In Italy, which is holding local elections, the centre-left PD, one of two parties which the Prime Minister Mario Monti depends upon for his majority, urged him to delay parliamentary approval of the EU fiscal compact and slow the process towards deficit reduction.
An anti-austerity movement is also gaining ground in Ireland, which on Monday said it would not defer a referendum on the EU fiscal pact.
Eamon Gilmore, the deputy prime minister, said Mr Hollande’s victory showed there was a new emphasis on growth in Europe, but warned that postponing the May 31 plebiscite would put off investors.
Paul Murphy, MEP for the Socialist Party and United Left Alliance, urged Ireland to block the treaty. “With a No vote, people in Ireland can add to the momentum against this attempt to write austerity into law,” he said.
The message to Ms. Merkel and European leaders is loud and clear: stop focusing on austerity and start focusing on growth. The real crisis is an unemployment crisis, not a debt crisis. Without jobs, the debt crisis will balloon to unprecedented levels.
Europe is at another impasse, and global markets are reeling. I'll keep repeating myself but my feeling is that this is just another huge scare and the banksters and elite hedge funds are scooping up high beta shares on the cheap, waiting for the next rally.
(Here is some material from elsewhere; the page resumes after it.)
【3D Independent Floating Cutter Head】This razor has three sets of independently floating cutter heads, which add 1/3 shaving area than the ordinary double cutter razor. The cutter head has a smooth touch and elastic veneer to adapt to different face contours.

The Bear Paradox of 2012 is intact, but manage your risk carefully here as I have a feeling the greedy bastards will push this sucker lower before going on "Risk On" mode. Once again, elite hedge funds and big banks' prop trading desks will make off like bandits.
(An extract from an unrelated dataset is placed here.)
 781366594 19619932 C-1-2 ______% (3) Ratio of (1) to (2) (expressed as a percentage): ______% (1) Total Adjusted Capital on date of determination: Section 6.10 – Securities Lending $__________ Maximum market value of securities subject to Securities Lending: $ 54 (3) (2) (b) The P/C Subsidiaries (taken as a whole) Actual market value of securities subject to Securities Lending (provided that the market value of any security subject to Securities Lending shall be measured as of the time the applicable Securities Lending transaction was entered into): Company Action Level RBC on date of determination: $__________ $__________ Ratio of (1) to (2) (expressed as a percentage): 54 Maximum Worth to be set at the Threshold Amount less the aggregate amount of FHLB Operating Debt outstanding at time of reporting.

Below, John Taylor, founder and chief executive officer of FX Concepts LLC, talks about Greece's debt crisis and a potential exit from the Euro. Taylor, speaking with Erik Schatzker and Sara Eisen on Bloomberg Television's “InsideTrack," also talks about the outlook for the U.S. dollar.
I disagree with Taylor, if Greece exits the eurozone, chaos will ensue. Those who think otherwise are kidding themselves if they think Spain, Italy and Portugual and rest of eurozone will not be negatively impacted.